Thursday, June 07, 2007 | 5 comment(s)
I know what makes diabetes so difficult:
Today I did a basal rate test.
And it clearly showed that I could acheive near normal blood sugars for a decently long time... if only I didn't eat anthing.
It's been about a year since I tested my basal rate settings. Before then, I had been on an insulin pump for almost 5 years and had practically the same 2 (TWO!) basal rates since the day I first started the pump. My endocrinologist at the time urged me to do some basal rate tests when I first started, but I always wimped out.
I tried, honestAfter 20-some years of living with diabetes and having to eat each-and-every meal, often in exact time increments, and to be force-fed snacks in between meals, the whole concept of fasting was completely foriegn to me.
I tried a few times, but I would break out into sweats and get what I would describe as symptoms of hypoglycemia even though I was coasting in around 180 or something ridiculous like that.
Before going on my pump, I was told how much better my control could be with it. But rather than improving my control, it actually got worse when I went on a pump (and I attribute at least part of that to the inaccurately set basal rates). I certainly liked not having to take 4-6 needles per day, but I was pretty non-plussed about the lack of improvement.
When I upgraded from my Minimed 508 to the 515, I was looking forward to taking advantage of the built-in bolus wizard. This meant that I REALLY needed to get all my basal rates figured out first. I knew that I needed to start with a solid foundation (i.e., a base) before I could even try to figure out my carb ratios. Without this base in place, even if I were to figure out some carb ratios, they wouldn't be exactly right because they would potentially (i.e., very likely) be incorporating some over- or under-coverage in my basal rates. Without this baseline of insulin coverage personally tailored, I don't think one can get nearly as much out of a pump as they should. This is the one piece of unsolicited advice that I dole out rather regularly when I meet (most likely via email) someone who is about to start on a pump. Getting your basal rates set can be tough, but it is very important to put in the effort and do 'em. It took me over 2 months to figure it all out. A lot of fasting and testing and retesting. I remember feeling frustrated when I would go low during a basal rate test because I knew that meant that I would have to start all over again in a few days. But there was also a bit of twisted relief because then I could eat!
Intellectually, I knew what I needed to do. But sometimes there is a significant gap between theory and implementation (and this just so happened to be one of those times). To help me bridge that gap, I decided to work with Gary Scheiner at Integrated Diabetes Services. In case you don't know Gary, he is great. He's a CDE and works remotely with clients to help them with their diabetes management. To be able to work with a fellow diabetic who was always an email or phone call away with assistance to help figure out my basal rate and carb ratio settings was remarkable. Really, I can't stress this enough. The current structure of meeting with an endocrinologist once every 3 months, for 20 minutes (max) is just ridiculous. That's not enough time. If you're feeling like you can't figure out something specific with your treatment plan, I highly recommend working with Gary to help out. It wasn't very cheap, and it wasn't covered by my insurance, but the benefits were huge, and it's hard to put a price on the long-term effects better control will have for me.
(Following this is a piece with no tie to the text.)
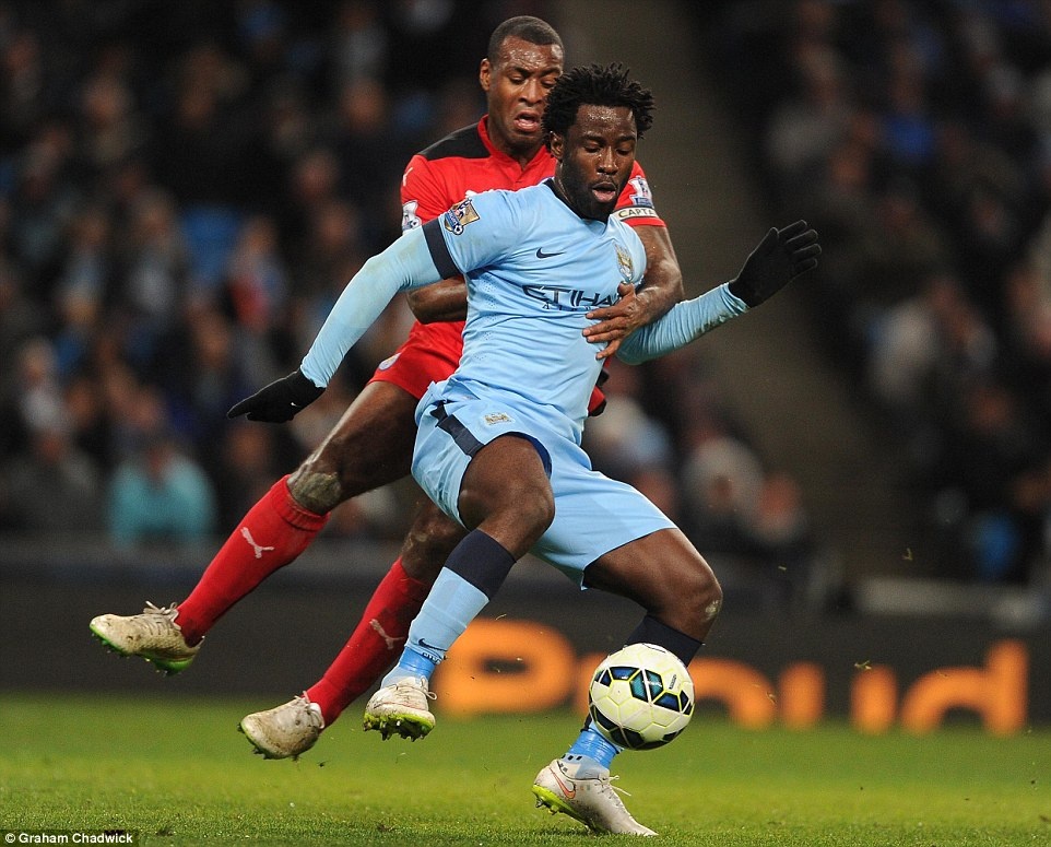 | Tiền đạo tân binh Wilfried Bony vẫn chưa ghi bàn thắng nào trong lần thứ 3 khoác áo Man City. |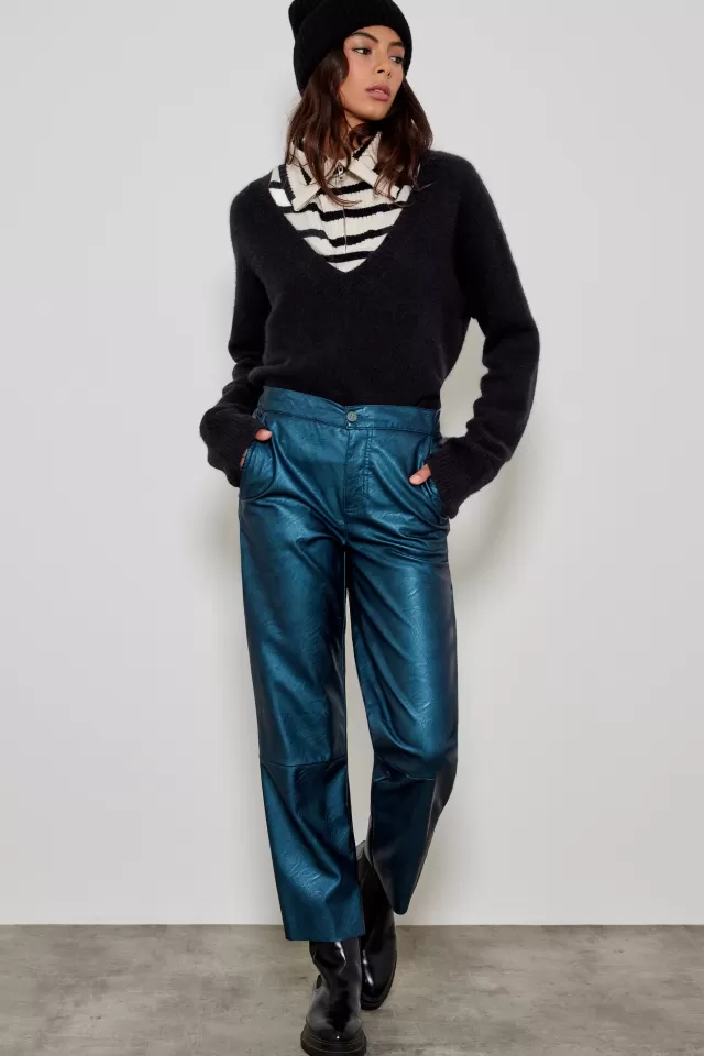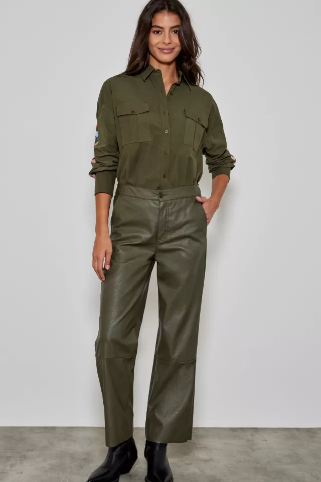 Pantalon droitTaille StandardFermeture avec un bouton de marque FIVE et un zip caché sous le rabatCeinture avec un éla…

While I still haven't gotten to my goal of an A1c reading below 7 (or 6.5), I do give him a lot of credit for helping me get as close as I have to that goal (one of these days I'll get there!).
After working with Gary for about 3 months, my 2 basal rates were replaced with 8(!).
Over the past few months, however, I've been noticing my blood sugars take a pretty significant drop on a semi-regular basis right before lunch. I knew that the first place to start in figuring out what is going on was to retest my basal rates (I've been putting this off for a while now).
But this morning, I woke up at 115 mg/dl (which was exactly where I was when I tested at 2:15am as well), and I decided at the spur-of-the-moment that I was going to do a basal rate test today. I biked into work so I didn't have to worry about trying to shower
Sleepy LogicUpon waking up, I thought this was a good thing. What I didn't realize was that I wouldn't be able to pull off any sort of awkward shower at work, and so I would be kinda gross at work. And to make matters worse, I rode my bike home from work last night and didn't exactly shower before going to bed. I was, what Megan likes to call, a dirty bird today.
Oh well. I stayed in my office and didn't eat lunch with others (I was fasting, see?) so I shouldn't have offended too many people.
My blood sugars stayed rock solid from 2:15am through 3:15pm. I was thinking I would hold out as long as I could without eating, but I finally broke down and had to eat something before biking home. The spike that came after eating was impressive. I under-bolused a little for what I ate because I knew I was going to be biking home while my insulin was peaking. Just as I planned, though that exercise knocked it down into range in no time. I'm pretty proud, actually. It's 9:30pm, after a rather unhealthy dinner of a PB&J, and I'm sitting here at 122 mg/dl. To quote Col. John "Hannibal" Smith: "I love it when a plan comes together."
If only we didn't have to eat... life would be so much easier.